The DMA for its onboard buffer memory appears to be very similar to the
IOP and its DMA? That memory is currently copied by the EE, but there are
other DMA controllers that could handle that, possibly synchronised using
DMA chaining, which would assist the EE significantly.
Apart from USB, the IOP does networking, FireWire, harddisks, etc. Some
or all of the peripherals could be accelerated with DMA, which is an
interesting challenge.
> The DEFTA is a follow-up and an upgrade to the DEFZA, more integrated
> (the DEFZA uses a pair of PCBs while the DEFTA fits on one, of the size of
> each in the former pair), and with the extra silicon space gained it was
> possible to squeeze in circuitry required to do host DMA for all data
> moves, and also the DMA rings.
Nice. :)
> > A special circumstance here is the use of HCD_LOCAL_MEM that is a kind of
> > DMA bounce buffer. Are you using anything similar with your DEFTA driver?
>
> The driver does need either an IOMMU or bounce buffers in system RAM in
> the case of 64-bit PCI systems, as the PFI PCI ASIC that the FDDI PDQ ASIC
> interfaces on the DEFPA does not AFAIK support 64-bit addressing (be it
> directly or with the use of DAC), although the PDQ itself does support
> 48-bit addressing (i.e. DMA descriptor addresses hold bits 47:2 of host
> addresses), which would be sufficient for the usual cases.
>
> Not in the DEFTA (or for that matter DEFEA; possibly the only EISA device
> using the DMA API) case though, as the most equipped TURBOchannel systems,
> i.e. the DEC 3000 AXP models 500, 800 and 900 only support up to 1GiB of
> memory, which is well below the 34-bit addressing limit.
>
> The PDQ ASIC was used to interface FDDI to many host buses and in
> addition to the 3 bus attachments mentioned above, all of which we have
> support for in Linux, it was also used for Q-bus (the DEFQA) and FutureBus
> (the DEFAA). We may have support for the DEFQA one day as I have both
> such a board and a suitable system to use it with. We are unlikely to
> have support for the DEFAA, as FutureBus was only used in high-end VAX and
> Alpha systems, the size of a full 19" rack at the very least, but it is
> there I believe only that the full PDQ addressing capability was actually
> utilised.
Thanks! By the way, is it possible to find spare parts for such vintage
hardware these days in case of irrepairable failures?

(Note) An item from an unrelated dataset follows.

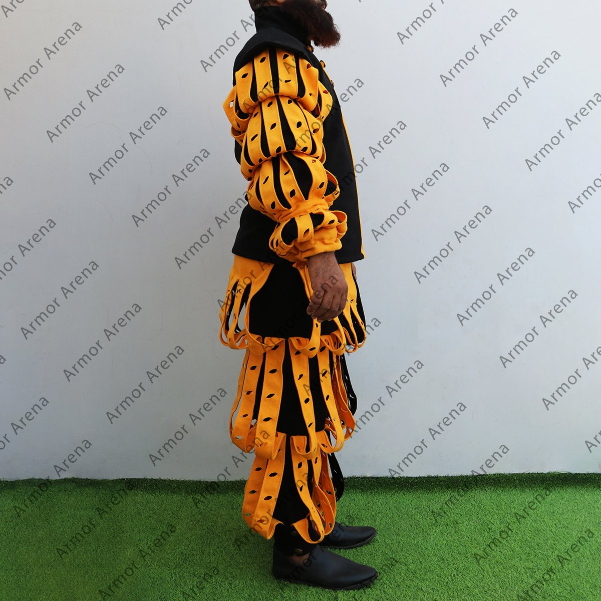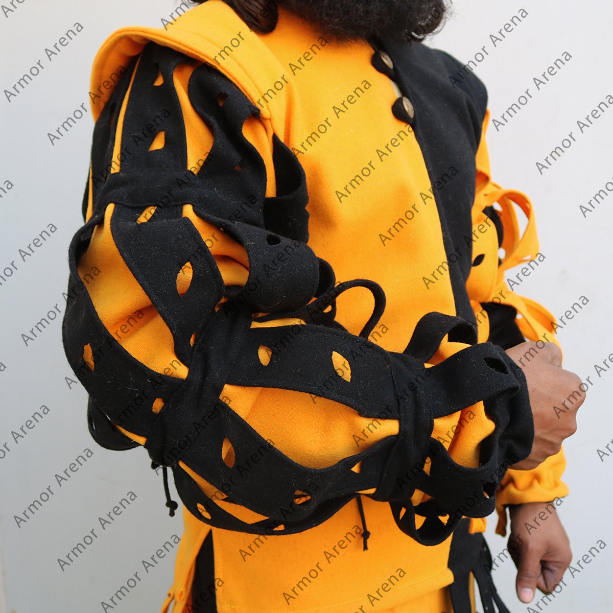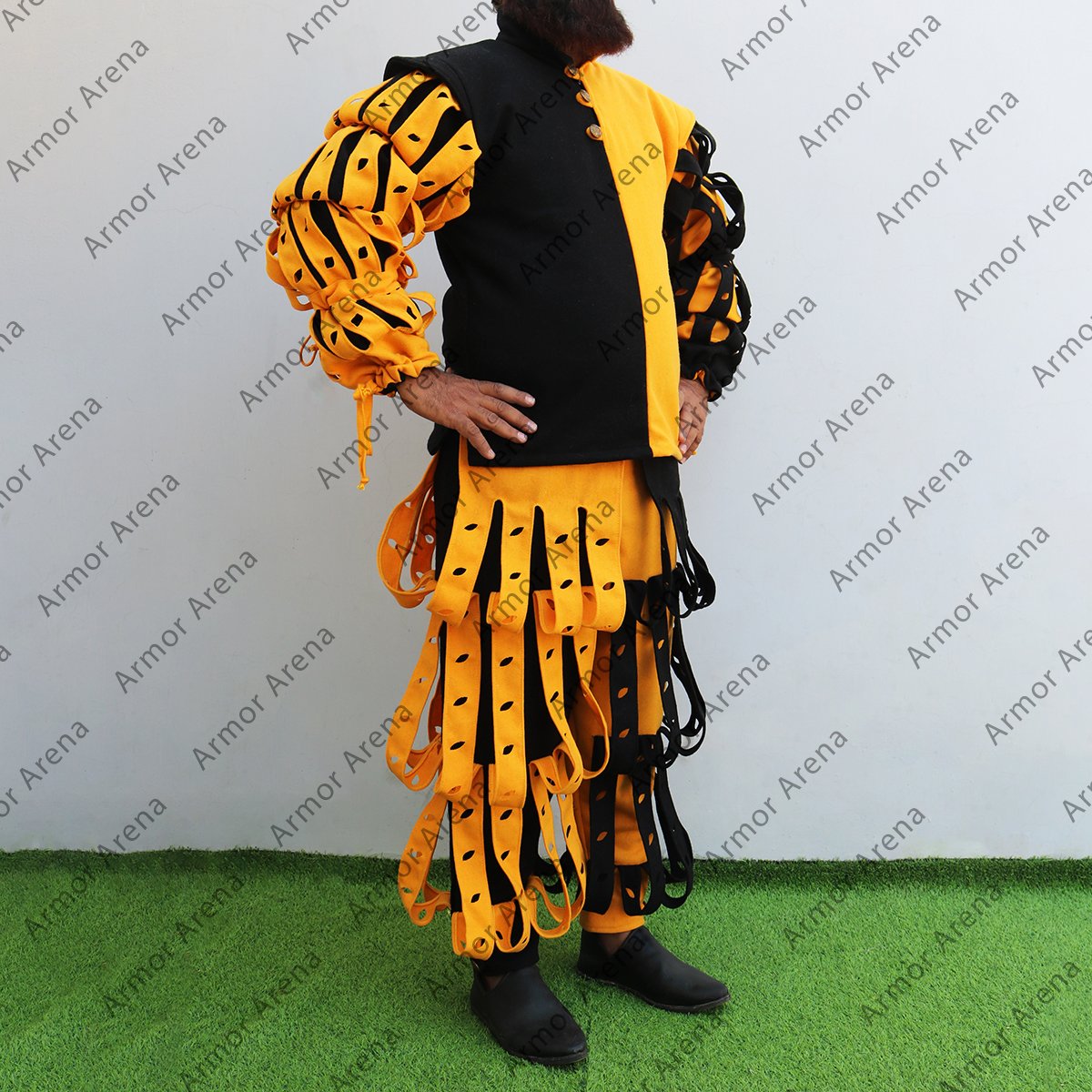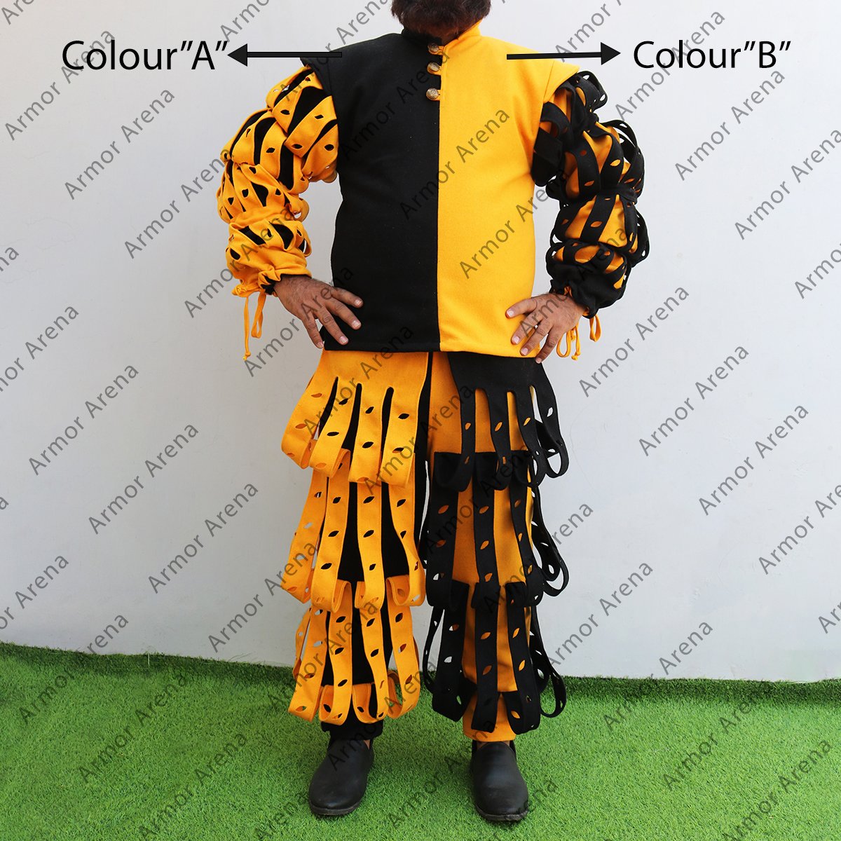 This suit is the Version 2 of the Joerg Landsknecht suit. The Joerg Landsknecht suit is a type of clothing worn by the Landsknechts which is a group of mercenaries in the late 15th and early 16th centuries. The 2 tone Joerg Landsknecht suit is known for its bright colors and distinctive cuts. The Landsknechts began cutting their clothing in the late 15th century because it was too tight for fighting. We have full suit with Landsknecht pants and Landsknecht doublet. Landsknecht pants is known as “hosen” and these pants are iconic to the Landsknechts. Landsknecht doublet is a short jacket made from wool with decorative inserts. The Joerg Landsknecht Suit is made with 100% cotton canvas material using 2 different colors. The cotton canvas fabric provide the durability and authenticity. This Joerg landsknecht doublet have front closing and is designed to wear easily and provide comfort. Medieval Joerg Landsknecht is available in all range of sizes form XS to 2XL/3XL and if buyer required any other size we also provide according to the customer requirements. You can choose the available colors including Black, Brown, Natural, Blue, Olive, Wine Red, Light Grey, and Yellow according to your requirements that best suits your style or historical preference. All Landsknecht clothing are handmade and all suits are unique and may have slight variations from the images shown, adding to its distinctive charm and character. You can buy Joerg Landsknecht suits and other Landsknecht clothing from our website easily with guaranteed lowest prices.

> NB I sat on this fix from 2014, well before the warning was introduced in
> the first place, and it's only now that I got to unloading my patch queue.
> :(
Do you have the latest kernel running on your DECstation machines now? :)
Fredrik
^ permalink raw reply [flat|nested] 9+ messages in thread
* Re: [PATCH] TC: Set DMA masks for devices
2018-10-05 14:56 ` Fredrik Noring
@ 2018-10-05 22:52 ` Maciej W. Rozycki
2018-10-06 9:21 ` Fredrik Noring
0 siblings, 1 reply; 9+ messages in thread
From: Maciej W. Rozycki @ 2018-10-05 22:52 UTC (permalink / raw)
To: Fredrik Noring; +Cc: Ralf Baechle, linux-mips, Jürgen Urban
Hi Fredrik,
> > I take it you mean 0-0x1fffff obviously; let's be accurate in a technical
> > discussion and avoid ambiguous cases.
>
> That's interesting. :) 0x1fffff is not a valid DMA address due to alignment
> restrictions, so if one wants to indicate a closed [inclusive] DMA address
> interval it would be 0-0x1ffffc, since the 32-bit word rather than the byte
> is the unit of the IOP DMA. In mathematics and programming languages it is
> often convenient to work with half-open intervals denoted by "[0,0x200000)"
> in this case. I think both notations are technically accurate, but they do
> emphasize different aspects of addresses and memory. I can switch to your
> byte-centric notation if that helps. :)
Well, the byte at 0x1fffff may not be individually addressable by this
particular DMA engine, but surely it is there included in DMA transfers
accessing the location that spans it. If instead you prefer to use the
mathematical notation to specify inclusive/exclusive ranges, then of
course I'm fine with that too.
> > And indeed e.g. `dma_map_single' does handle that and given a CPU-side
> > physical memory address returns a corresponding DMA-side address. And the
> > DMA mask has to reflect that and describe the DMA side, as it's the device
> > side that has an address space limitation here and any offset resulting
> > from a non-identity mapping does not change that limitation, although the
> > offset does have of course to be taken into account by `dma_map_single',
> > etc. in determining whether the memory area requested for use by a DMA
> > device can be used directly or whether a bounce buffer will be required
> > for that mapping.
>
> Ah... memory that is known to be DMA compatible is allocated separately,
> and then handed over to the DMA subsystem using dma_declare_coherent_memory.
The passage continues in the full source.